Directions for this task:
From the material below, please set down exactly the lines starting with the one with "I love this" and going on through the one with "ハンギングバスケットの制作で", without a single picture.

Data extracts:
——
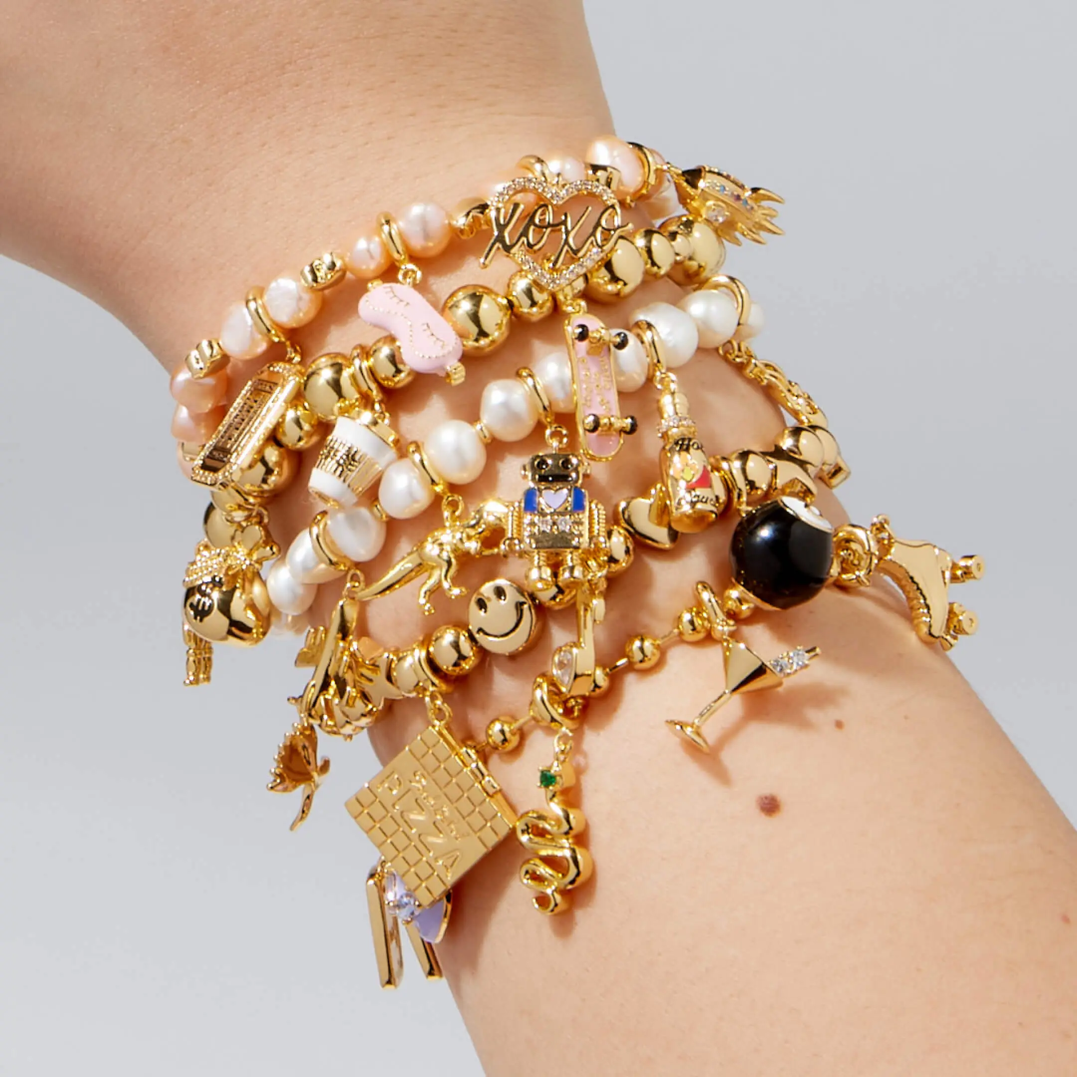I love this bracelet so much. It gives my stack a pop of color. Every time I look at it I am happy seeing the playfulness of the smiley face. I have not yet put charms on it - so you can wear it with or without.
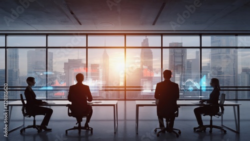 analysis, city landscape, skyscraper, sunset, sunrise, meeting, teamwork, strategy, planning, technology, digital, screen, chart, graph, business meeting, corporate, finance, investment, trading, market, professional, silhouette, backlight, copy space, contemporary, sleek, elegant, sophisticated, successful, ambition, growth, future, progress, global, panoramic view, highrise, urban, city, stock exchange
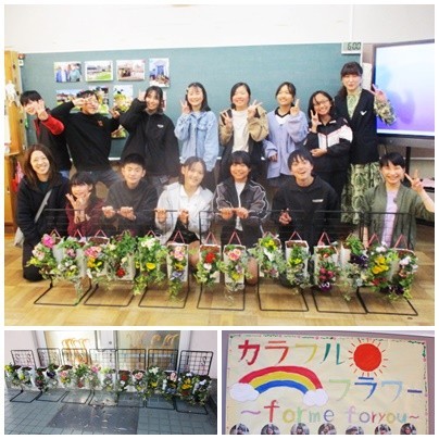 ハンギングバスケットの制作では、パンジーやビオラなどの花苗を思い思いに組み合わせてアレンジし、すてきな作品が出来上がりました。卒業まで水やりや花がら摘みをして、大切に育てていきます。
——
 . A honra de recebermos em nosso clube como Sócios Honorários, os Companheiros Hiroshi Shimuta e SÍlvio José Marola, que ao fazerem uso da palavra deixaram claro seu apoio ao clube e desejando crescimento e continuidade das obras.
——
Written answer:
I love this bracelet so much. It gives my stack a pop of color. Every time I look at it I am happy seeing the playfulness of the smiley face. I have not yet put charms on it - so you can wear it with or without.
 analysis, city landscape, skyscraper, sunset, sunrise, meeting, teamwork, strategy, planning, technology, digital, screen, chart, graph, business meeting, corporate, finance, investment, trading, market, professional, silhouette, backlight, copy space, contemporary, sleek, elegant, sophisticated, successful, ambition, growth, future, progress, global, panoramic view, highrise, urban, city, stock exchange
 ハンギングバスケットの制作では、パンジーやビオラなどの花苗を思い思いに組み合わせてアレンジし、すてきな作品が出来上がりました。卒業まで水やりや花がら摘みをして、大切に育てていきます。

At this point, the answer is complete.